# SUPPLIED DATA

•••

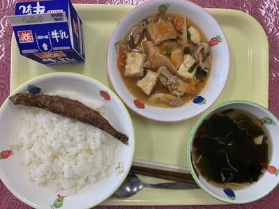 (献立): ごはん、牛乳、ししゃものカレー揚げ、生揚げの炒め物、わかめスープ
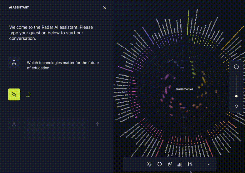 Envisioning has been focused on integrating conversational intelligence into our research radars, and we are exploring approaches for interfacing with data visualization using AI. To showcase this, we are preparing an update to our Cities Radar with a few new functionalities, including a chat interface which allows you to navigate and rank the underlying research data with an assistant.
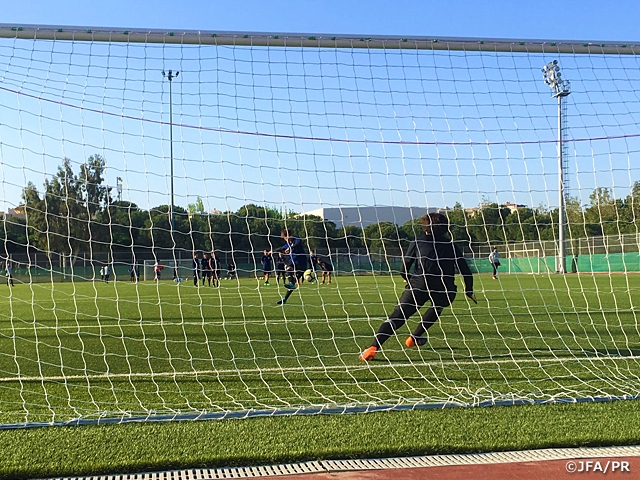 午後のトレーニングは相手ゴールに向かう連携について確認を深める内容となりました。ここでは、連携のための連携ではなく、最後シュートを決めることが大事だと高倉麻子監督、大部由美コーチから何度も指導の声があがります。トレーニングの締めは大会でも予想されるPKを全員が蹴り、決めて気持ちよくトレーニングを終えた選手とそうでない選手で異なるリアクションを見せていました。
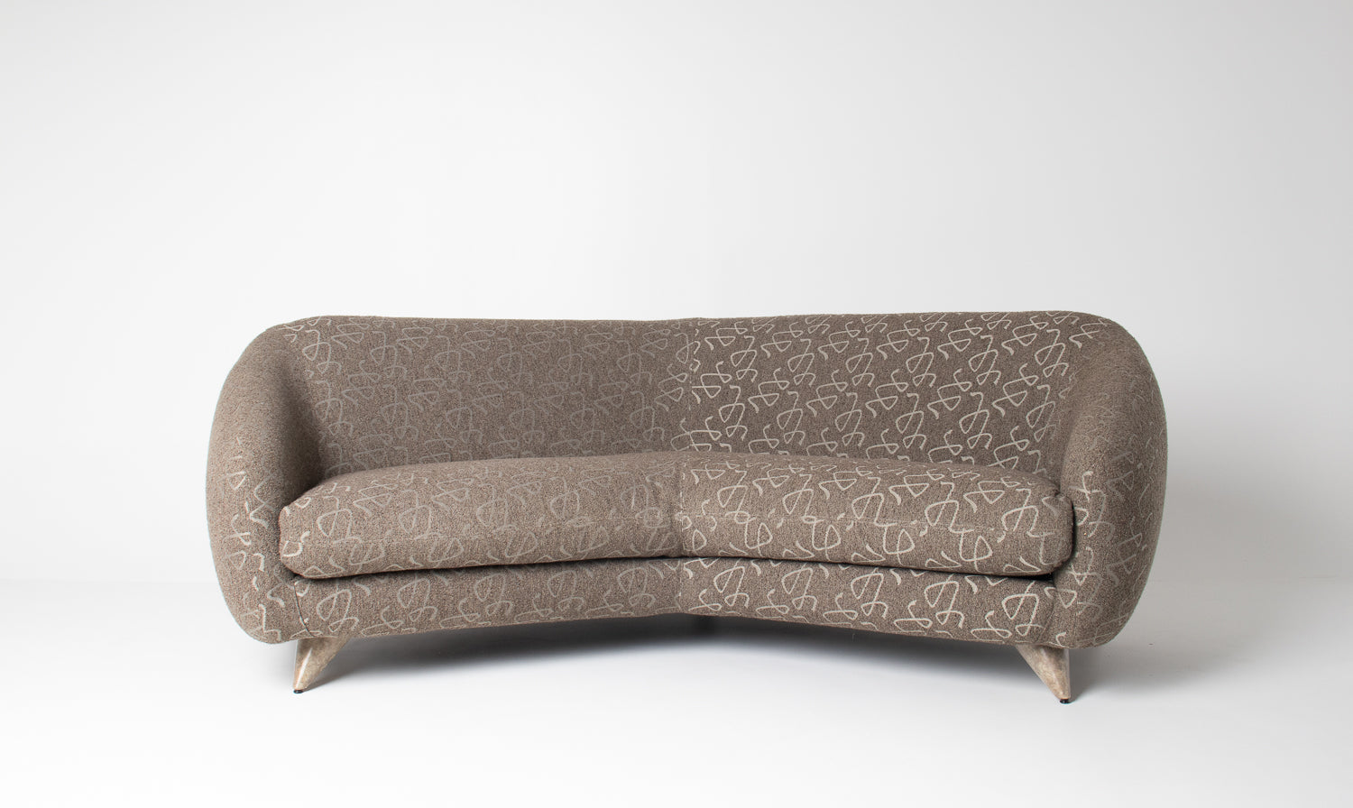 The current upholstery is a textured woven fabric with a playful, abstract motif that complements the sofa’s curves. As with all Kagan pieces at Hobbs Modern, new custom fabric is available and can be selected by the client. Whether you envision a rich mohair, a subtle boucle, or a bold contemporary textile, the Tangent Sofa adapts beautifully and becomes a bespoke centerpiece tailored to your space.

•••

# WHAT NEEDS TO BE DONE
Exactly as they appear above, print all the lines, but not the pictures.

# SOLUTION TO THE EXERCISE
 (献立): ごはん、牛乳、ししゃものカレー揚げ、生揚げの炒め物、わかめスープ
 Envisioning has been focused on integrating conversational intelligence into our research radars, and we are exploring approaches for interfacing with data visualization using AI. To showcase this, we are preparing an update to our Cities Radar with a few new functionalities, including a chat interface which allows you to navigate and rank the underlying research data with an assistant.
 午後のトレーニングは相手ゴールに向かう連携について確認を深める内容となりました。ここでは、連携のための連携ではなく、最後シュートを決めることが大事だと高倉麻子監督、大部由美コーチから何度も指導の声があがります。トレーニングの締めは大会でも予想されるPKを全員が蹴り、決めて気持ちよくトレーニングを終えた選手とそうでない選手で異なるリアクションを見せていました。
 The current upholstery is a textured woven fabric with a playful, abstract motif that complements the sofa’s curves. As with all Kagan pieces at Hobbs Modern, new custom fabric is available and can be selected by the client. Whether you envision a rich mohair, a subtle boucle, or a bold contemporary textile, the Tangent Sofa adapts beautifully and becomes a bespoke centerpiece tailored to your space.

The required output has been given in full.